Assignment: When you write out the listing, keep each word exactly as it stands but include none of its images.

Data excerpt:
-*-

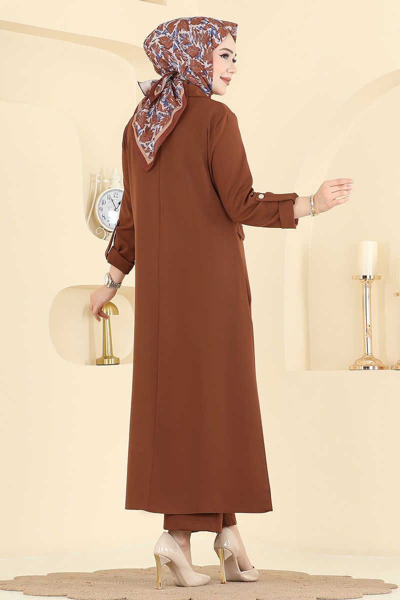 The Accessory Pocket Dabıl Suit KOMBIN is a hijab outfit suitable for all seasons. It can be washed at 30 degrees with delicate care. Made from durable and stylish Dabıl fabric, this suit features a shirt collar design and is unlined, with the displayed model wearing size 40. It offers practical use with its front usable buttons and hidden buttons. The waist of the outfit is stitched, and the pants have an elastic waistband, ensuring comfortable wear. The pocket detail on the tunic and pants enhances your elegance, while the active buttons on the cuffs add a finishing touch.
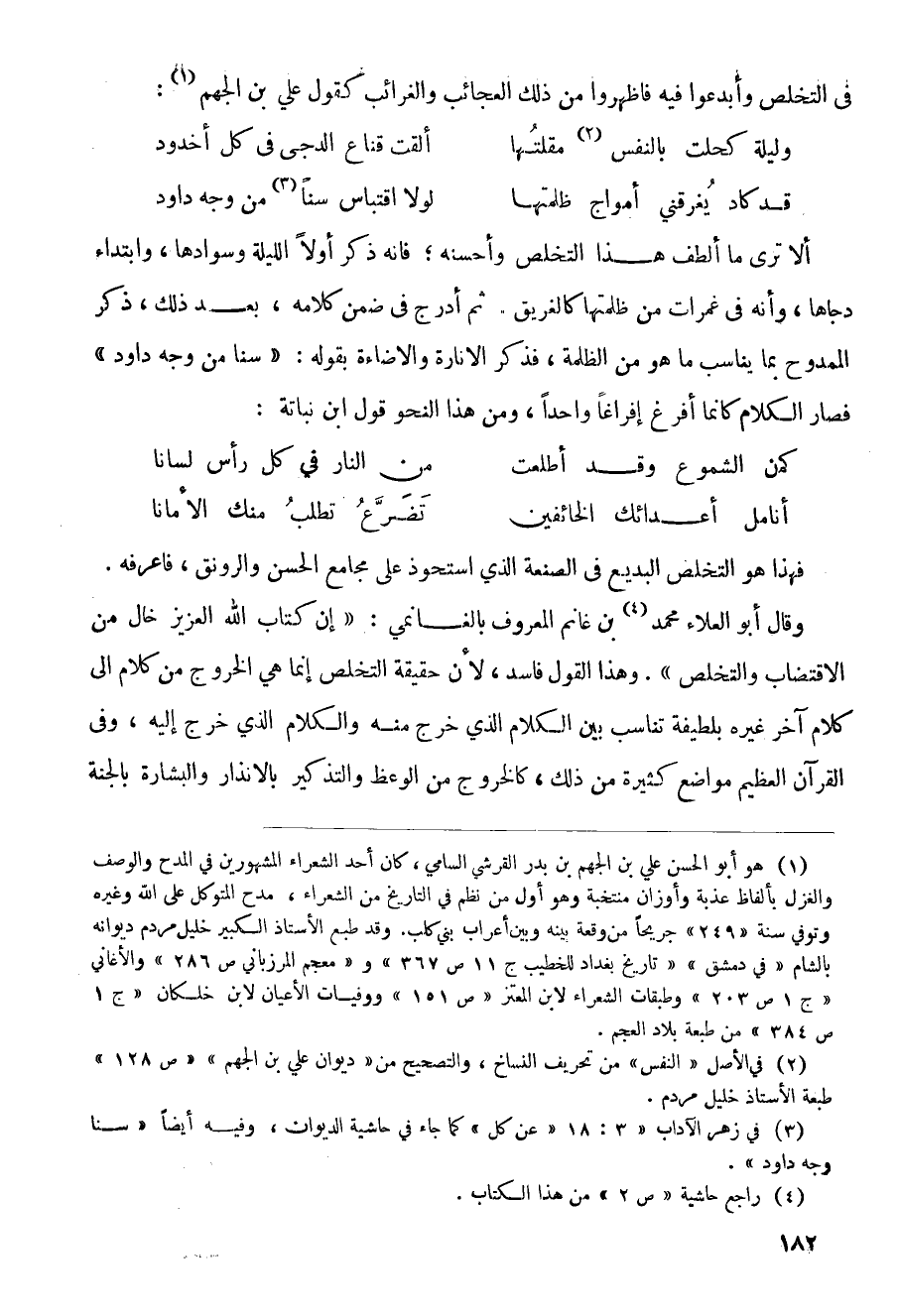 ألا ترى ما ألطف هذا التخلص وأحسنه؛ فانه ذكر أولاً الليلة وسوادها، وابتداء دجاها، وأنه في غمرات من ظلمتها كالغريق. ثم أدرج في ضمن كلامه، بعد ذلك، ذكر الممدوح بما يناسب ما هو من الظلمة، فذكر الإنارة والإضاءة بقوله: (سنا من وجه داود) فصار الكلام كأنما أفرغ إفراغاً واحداً، ومن هذا النحو قول
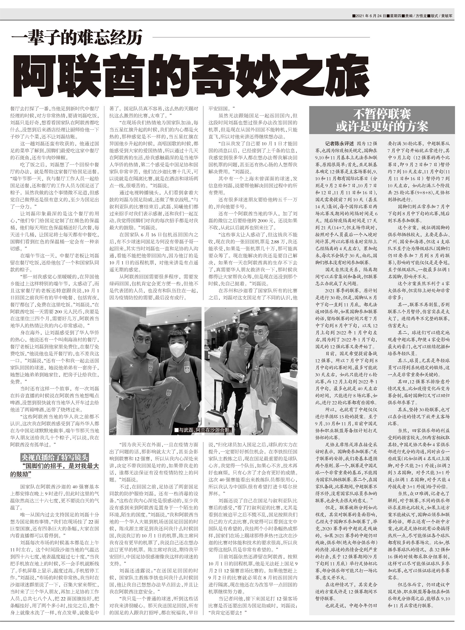 国家队6月17日结束40强赛后,已从阿联酋返回苏州进行隔离,解除隔离后国脚们将返回各自俱乐部队,以备...
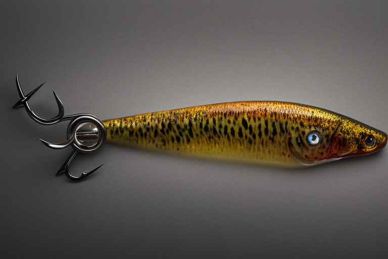 Stable Diffusion AI Prompt product photography of a fishing lure with hooks that looks like a Natural colored Crappie!!!, (anatomically correct), futuristic, uhd, highly detailed, concept, product studio shot, panoramic shot, centered!!!, diffused lighting on a plain dark background, highly detailed, masterpiece, product photography by Wlop and Jovana Rikalo

-*-

Answer box:
 The Accessory Pocket Dabıl Suit KOMBIN is a hijab outfit suitable for all seasons. It can be washed at 30 degrees with delicate care. Made from durable and stylish Dabıl fabric, this suit features a shirt collar design and is unlined, with the displayed model wearing size 40. It offers practical use with its front usable buttons and hidden buttons. The waist of the outfit is stitched, and the pants have an elastic waistband, ensuring comfortable wear. The pocket detail on the tunic and pants enhances your elegance, while the active buttons on the cuffs add a finishing touch.
 ألا ترى ما ألطف هذا التخلص وأحسنه؛ فانه ذكر أولاً الليلة وسوادها، وابتداء دجاها، وأنه في غمرات من ظلمتها كالغريق. ثم أدرج في ضمن كلامه، بعد ذلك، ذكر الممدوح بما يناسب ما هو من الظلمة، فذكر الإنارة والإضاءة بقوله: (سنا من وجه داود) فصار الكلام كأنما أفرغ إفراغاً واحداً، ومن هذا النحو قول
 国家队6月17日结束40强赛后,已从阿联酋返回苏州进行隔离,解除隔离后国脚们将返回各自俱乐部队,以备...
 Stable Diffusion AI Prompt product photography of a fishing lure with hooks that looks like a Natural colored Crappie!!!, (anatomically correct), futuristic, uhd, highly detailed, concept, product studio shot, panoramic shot, centered!!!, diffused lighting on a plain dark background, highly detailed, masterpiece, product photography by Wlop and Jovana Rikalo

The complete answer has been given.